Последняя остановка: Аушвиц Сара Лейбовиц

Поезд затормозил, а потом, дернувшись, остановился под скрип тормозов. Было утро четверга, 18 мая 1944 года. С понедельника мы были заперты в товарном вагоне, в полной темноте, грязные и голодные. Нашими спутниками на этом пути были слезы, тоска и ужас перед неизвестностью.

Теперь мы сгрудились вместе и со страхом ожидали, когда снаружи откроют замки. Некоторые говорили, что ничего хорошего не может последовать за поездкой в товарном вагоне – из тех, в которых обычно перевозили скот из Польши в Германию. А я тем временем думала, что даже животных наверняка содержали в лучших условиях, чем нас, человеческих существ. И если таково было путешествие, то что говорить о пункте назначения?

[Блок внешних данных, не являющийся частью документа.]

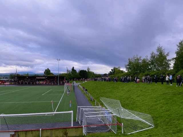 Albyn Park is a stone’s throw away from Broxburn town centre – ensuring it is deeply embedded into the community. Turning into the street where the ground lies, the main standing terrace sticks out like a sore thumb. The entrances and turnstiles are typically old-school, manned by gracious club volunteers. Upon entry, it is a small stairway to climb before entering the arena itself. The aforementioned standing terrace sits a bit off-centre but looked superb when full of Broxburn supporters. On the opposite side and behind both goals are grass embankments which gave a superb view of proceedings throughout the match.
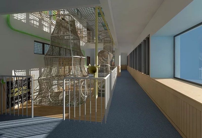 原來設(shè)計(jì)師從整體空間出發(fā),考慮到幼兒園因場(chǎng)地限制,大型玩具等玩樂設(shè)施非常有限。巧妙設(shè)置大型玩具在中庭這種看似無效的空間,不僅僅實(shí)現(xiàn)了空間的最大利用率;貫通了三層樓的走廊空間,同時(shí)擴(kuò)大幼兒活動(dòng)范圍,增加環(huán)創(chuàng)趣味性,“一舉多得”豈不妙哉~
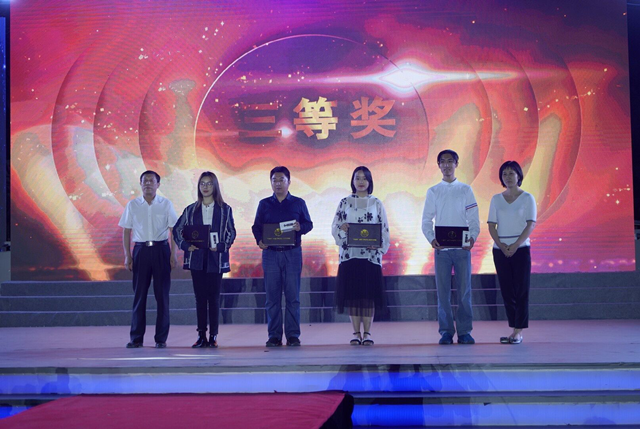 文化艺术学院视觉传达设计三年级学生康艾(左二)代表团队登台领奖
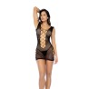Atrévete a mostrar en este irresistible chemise de red con cruce, diseñado con cortes provocativos tanto en la parte delantera como en la trasera para un impacto máximo. Los detalles de tiras en criss-cross añaden un toque de intriga, mientras que la red que abraza las curvas se ajusta en todos los lugares correctos. Una pieza de declaración audaz que es tan inolvidable por detrás como por delante.
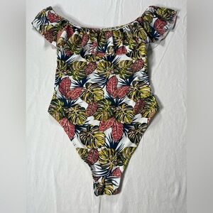 Embrace the tropics with this stylish one piece swimsuit, featuring a vibrant leaf print in pink, yellow, and green. Perfect for a sunny beach day. Bra liners removed and light staining on inside fabric- see picture.
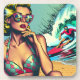 Bonito loira loira sentada na praia com óculos escuros assistindo um surfista gostoso em cores vintage em um estilo cômico de pop-art.
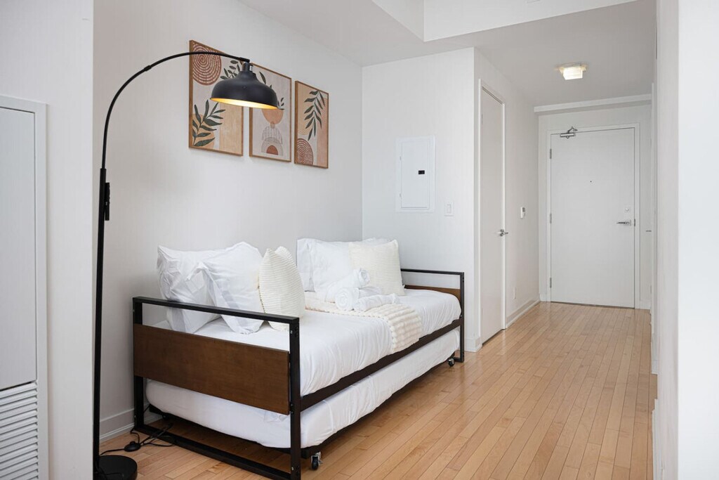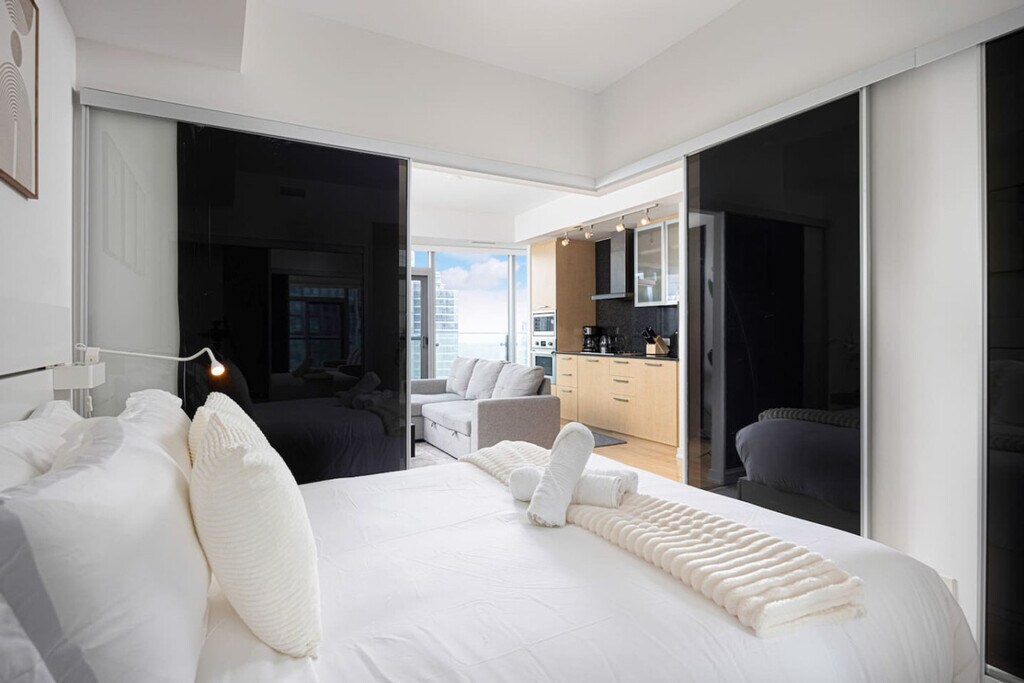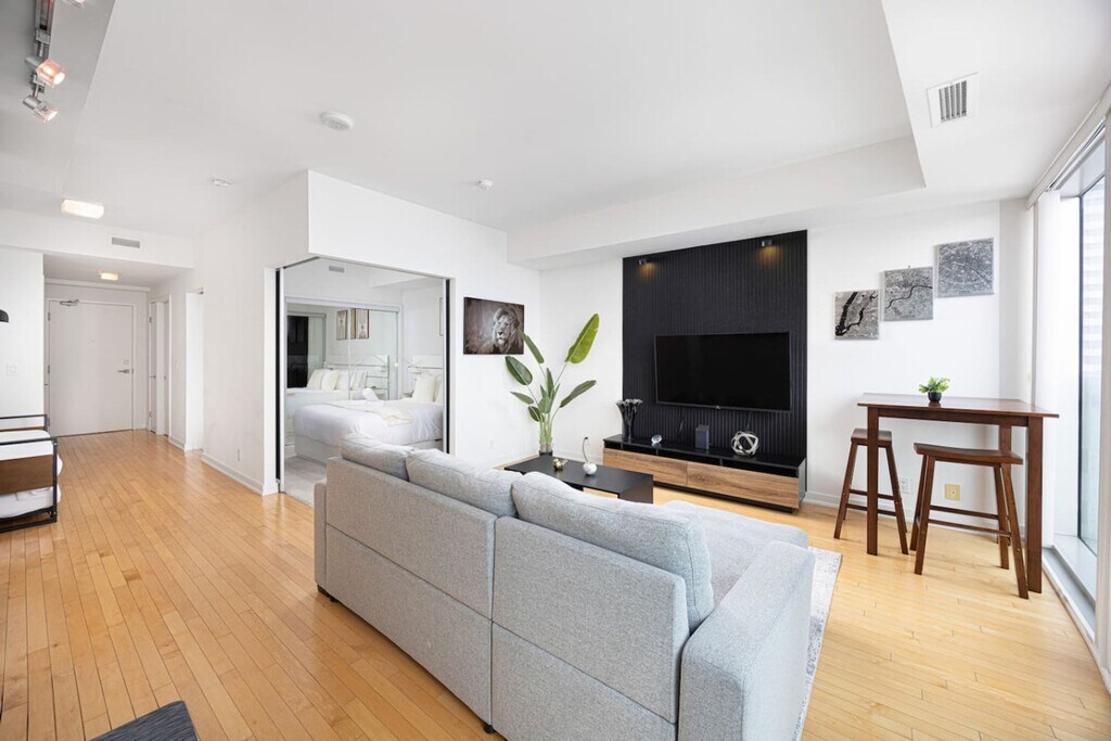 The advertised rate of C$5,109/month is the lowest available price, based on a 1 month(s) stay with a move-in date of April 8, 2026. Rates vary depending on the duration of stay, season, and other parameters. For exact pricing and additional pricing components, please visit our website and enter your desired move-in and move-out dates. The rate is applicable when billed upfront; it can be higher if billed in multiple payments. Feel at home in this fully furnished apartment, located in the heart of downtown Toronto and close to all major attractions. This unit offers approximately 600 ft² / 55m² of space. This space features high-speed fiber internet and Wi-Fi, a smart HD TV, a full bathroom, full sets of hotel-quality bedding and fresh towels, a fully equipped kitchen with appliances including a fridge and stove, and an in-suite washer and dryer. Free secured parking is available for one car. This area is the most popular among visitors thanks to its proximity to all that Toronto has to offer, including landmarks like the CN Tower, Rogers Centre, and Metro Toronto Convention Centre. You'll also be a short walk away from Harbourfront and the lake. Nearby attractions within walking distance include Ripley's Aquarium, the Hockey Hall of Fame, the Financial District, Scotiabank Arena, and the Toronto Islands. The unit is centrally located only 500m away from Union Station, the hub for all transit into downtown Toronto, including TTC (Toronto Transit Commission), VIA Rail, GO Transit, and Union Pearson Express. Uber and Lyft are widely available in downtown Toronto, providing convenient and affordable transportation options for exploring the city. Major attractions can easily be reached by walking or renting a city bike. Smoking is strictly forbidden on the property anywhere, and failure to comply may result in a penalty up to $1000. No more than the stated number of guests in the reservation may stay overnight, unless agreed otherwise. Failure to report the accurate number of overnight guests may result in an immediate cancellation of your stay. Pets, parties, or illegal drugs of any kind are not allowed anywhere on the property (inside or outside). Late checkout beyond the scheduled check-out time will incur fees. [SI]
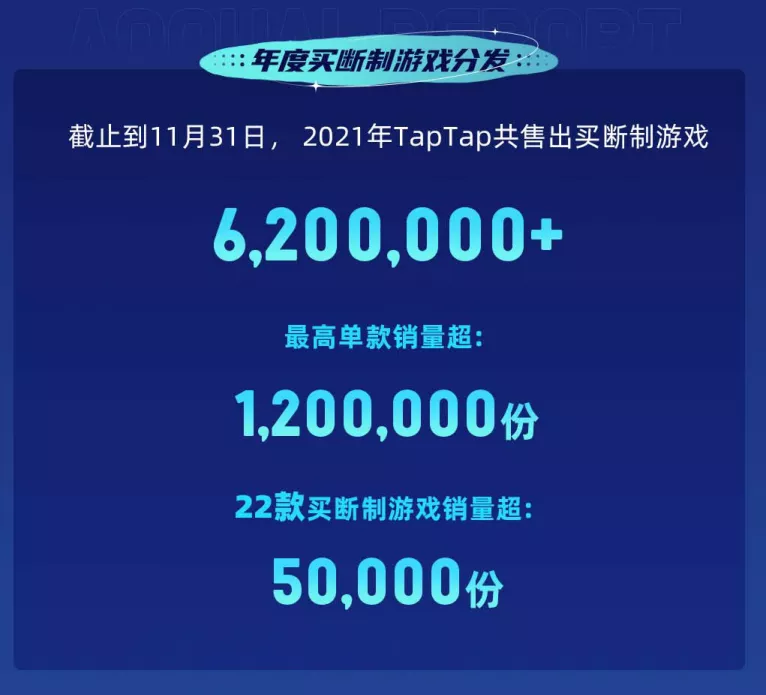 另外,這一羣體同樣與買斷制手遊有所契合。截至11月底,TapTap全年共售出買斷制遊戲620萬份,其中有百萬量級的買斷制手游出現,其銷量為120萬;總計22款買斷制遊戲銷量超過5萬。在免費手遊大行其道的國內市場,這是一個值得注意的成績。
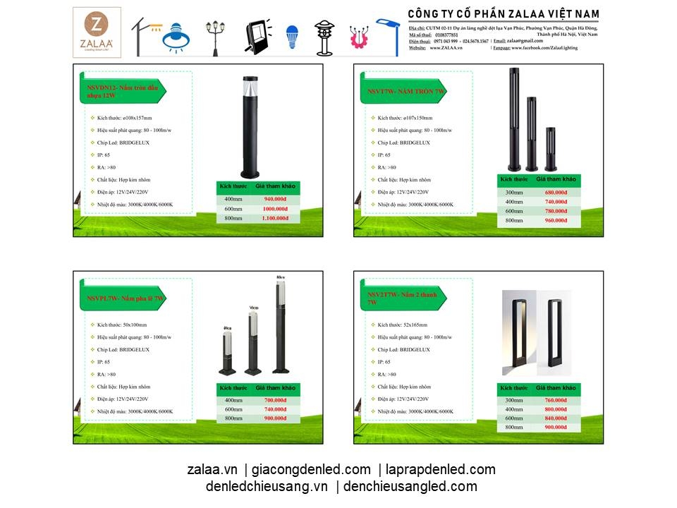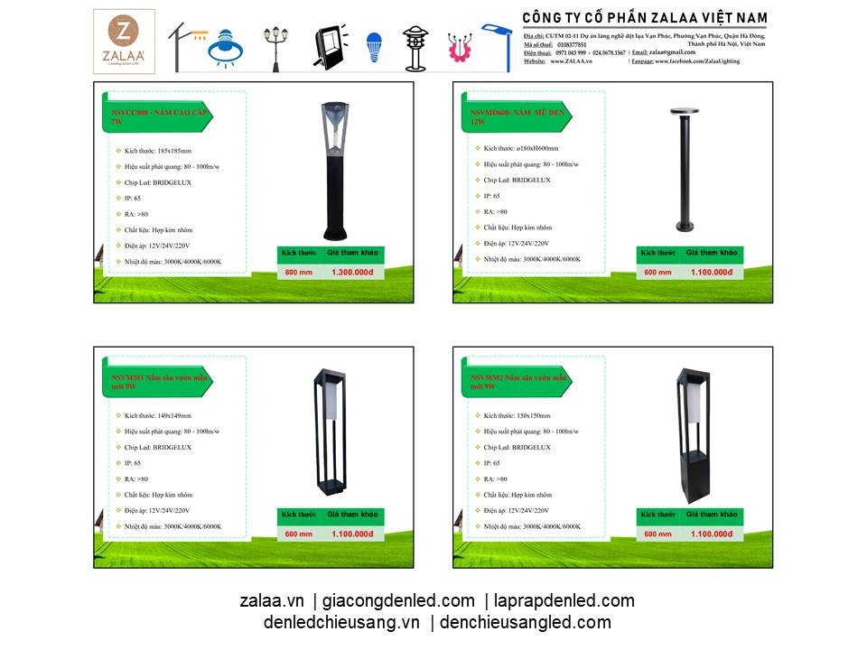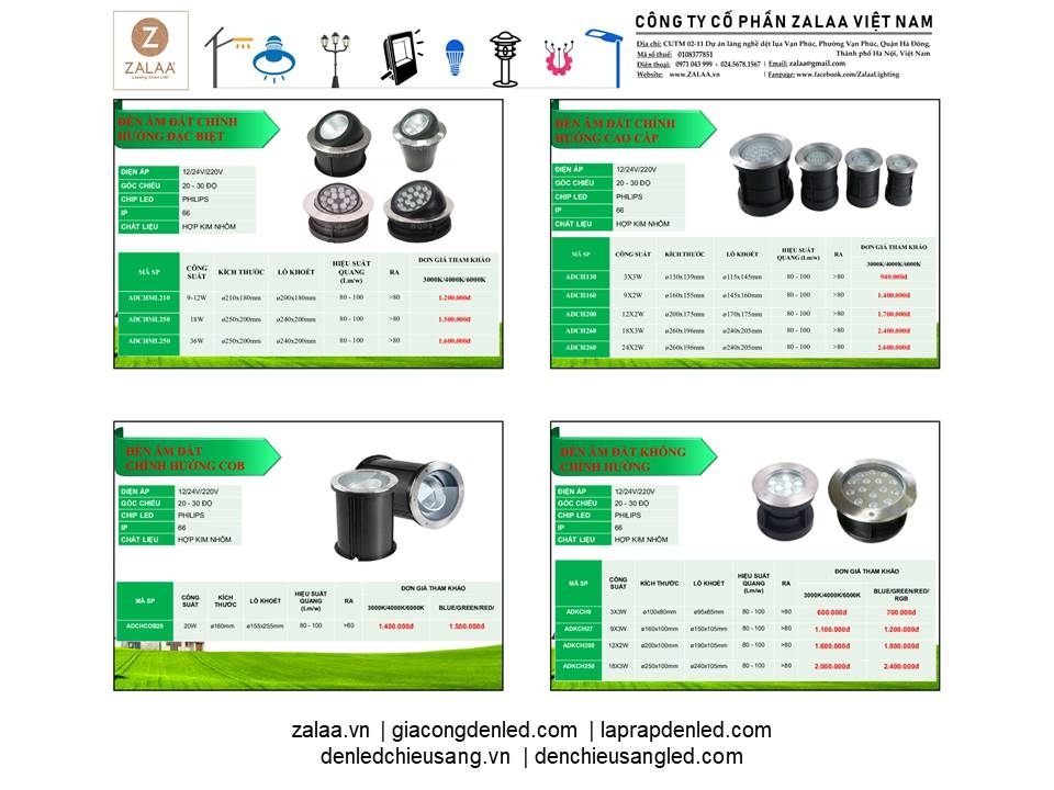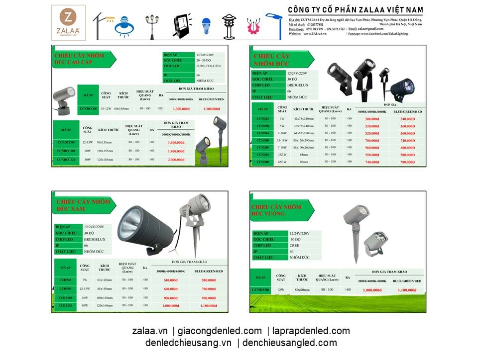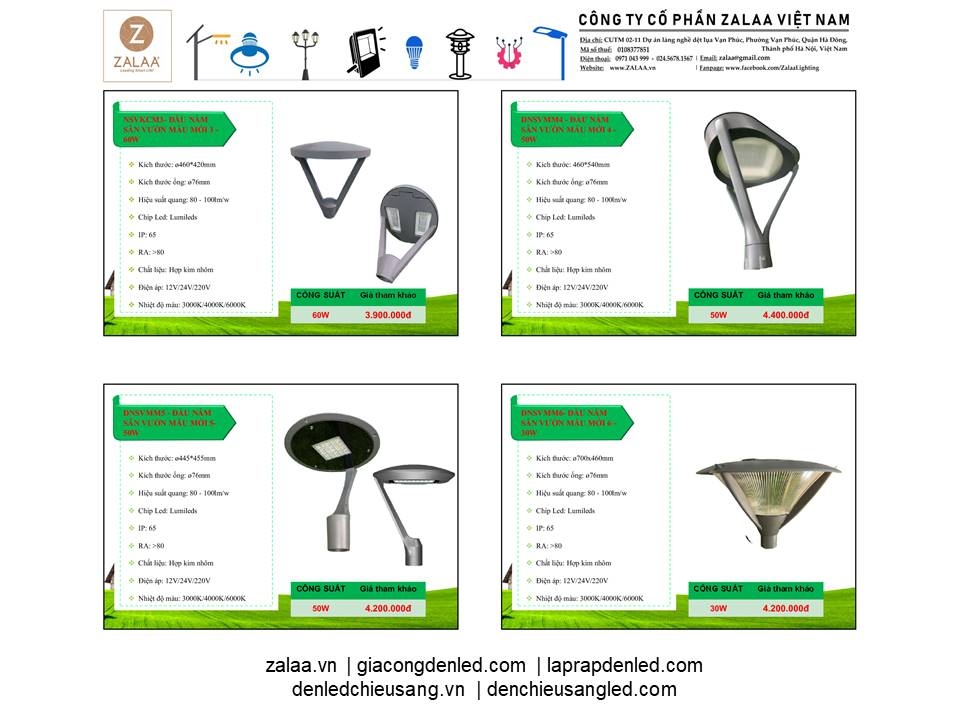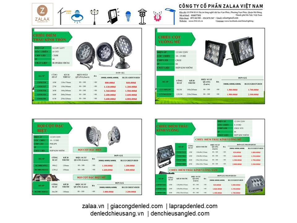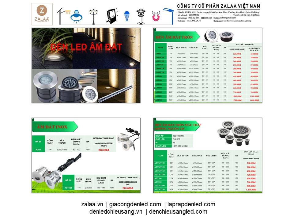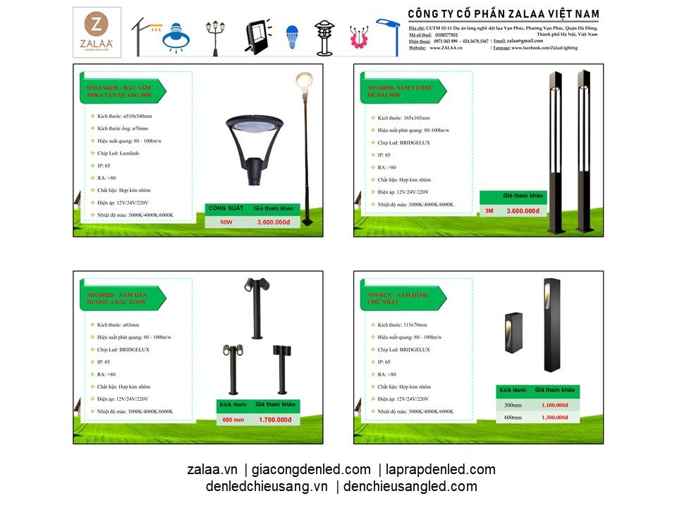 BẢNG BÁO GIÁ ĐÈN LED CẢNH QUAN SÂN VƯỜN ZALAA 2024

И все равно во мне теплилась слабая надежда, что, возможно, нас с моей семьей – моим отцом, матерью, пятерыми младшими братьями и сестрами, – а также всех евреев, которые прибыли в этом товарном вагоне, ждет лучшее будущее. Чего еще могла ожидать юная девушка? Мне было пятнадцать лет и десять месяцев. Меня звали Сури Гершковиц из деревни Комят[1], входившей в Чехословакию, когда я там родилась, а потом, в результате аннексии накануне войны ставшей частью Венгрии.

Мы угодили в товарный вагон тремя днями ранее, прямо из Мукачевского гетто[2], которое само по себе было адом на земле. Мы еще не знали, сколько мучений ожидает нас по пути в другой ад – огромный и бесконечный.

У дверей вагона не было ступенек. Молодежь забиралась сама, а старикам помогали те, кто уже оказался внутри.

Попав в вагон, я была потрясена тем, насколько он грязный и вонючий, потому что до нас в нем перевозили скот. Пол был мокрый и скользкий. Кажется, кто-то пытался вымыть его, прежде чем загонять внутрь людей, но поскольку уборка производилась в спешке, пол не успел просохнуть и тут же покрылся отвратительной липкой жижей.

Первое, что мы заметили, – в вагоне не было сидений. Всем пришлось стоять, прижавшись друг к другу.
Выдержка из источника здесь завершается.